Het waren de woorden van een Vlaams volksvertegenwoordiger bij de opstart van het Kinderrechtencommissariaat midden de jaren negentig. Twintig jaar later zijn ze nog steeds een toetssteen. Ook te midden van de vele discussies die in ons land gevoerd worden door de sterke instroom van vluchtelingen. Een vluchtelingencrisis, volgens sommigen. Ernstig, maar niet onbeheersbaar volgens direct betrokkenen, zoals de Commissaris-Generaal voor de Vluchtelingen en Staatlozen. Mensenrechten en kinderrechten uit tal van internationale verdragen en richtlijnen zijn daarbij de kapstok bij uitstek.

Dat zijn geen receptenboeken en dus verdragen ze discussie. Maar dan wel met slechts één finaliteit voor ogen: de waardigheid van elke mens beschermen en voor elk individu maximale ontplooiingskansen garanderen.

Donderslag

Er viel de afgelopen periode af en toe een donderslag. De rechten van vluchtelingen werden in vraag gesteld. Hun kwetsbaarheid werd in twijfel getrokken en met de kwetsbaarheid van anderen afgewogen. Van een voorkeursbehandeling voor kwetsbare vluchtelingenkinderen kon geenszins sprake zijn.

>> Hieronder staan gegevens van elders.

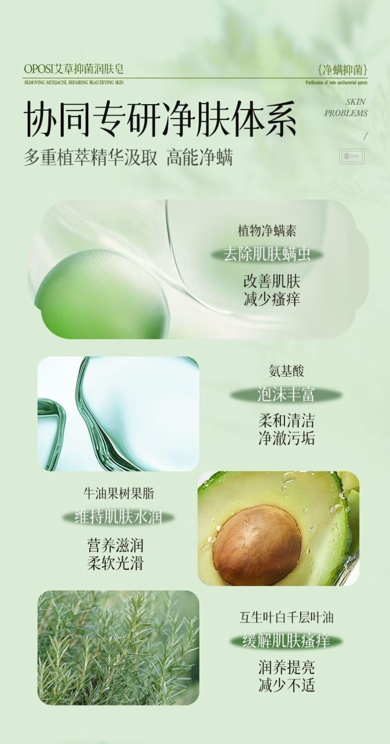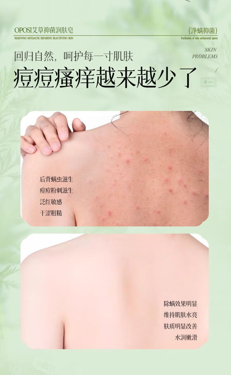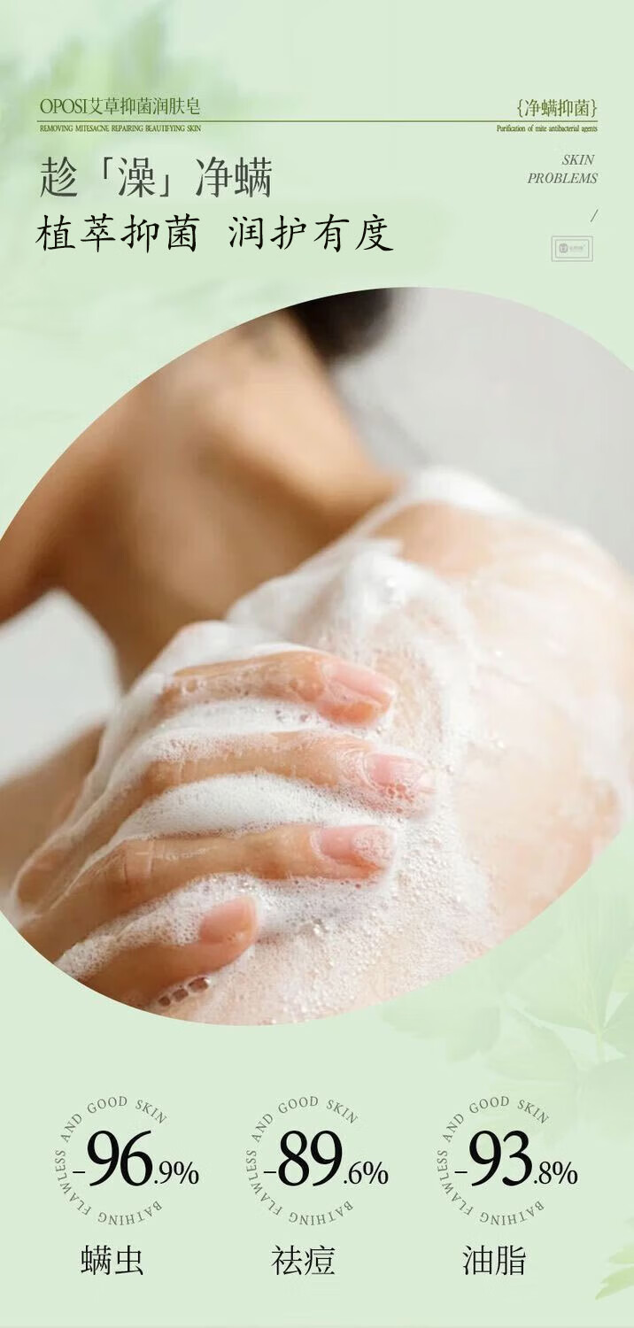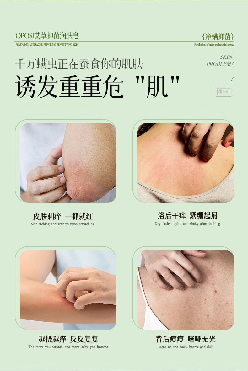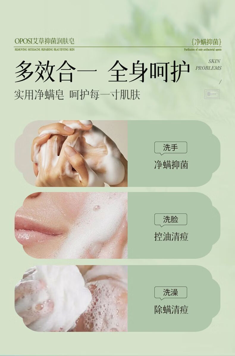 OPOSI【老牌国货】艾草止痒香皂抑菌洗脸皂沐浴皂身体清洁除螨手工肥皂 【2盒装】艾草抑菌润肤皂

De donderslagen verrasten. Was er een reële grond voor het gerommel? Het voorlopig beschikbare cijfermateriaal lijkt vooral de omvang en impact voor ons land te relativeren. Grondige analyses van de noden en mogelijke oplossingen zijn nog volop in de maak. De variatie aan voorstellen zorgde niettemin voor commotie.

Dat lijkt zowat de enige impact ervan. Als kinderrechtencommissaris beperkte ik me tot een advies voor de eerste aanpak en zweeg daarna. Omdat we geen bange hond willen zijn, happend en springend naar wat die dag toevallig passeert. Omdat we vooral de nuance en praktische oplossingen proberen te zoeken. Omdat kinderrechten er niet mee gebaat zijn in een steekspel terecht te komen.

‘De kinderrechtenbarometer staat stilaan op dreigend onweer’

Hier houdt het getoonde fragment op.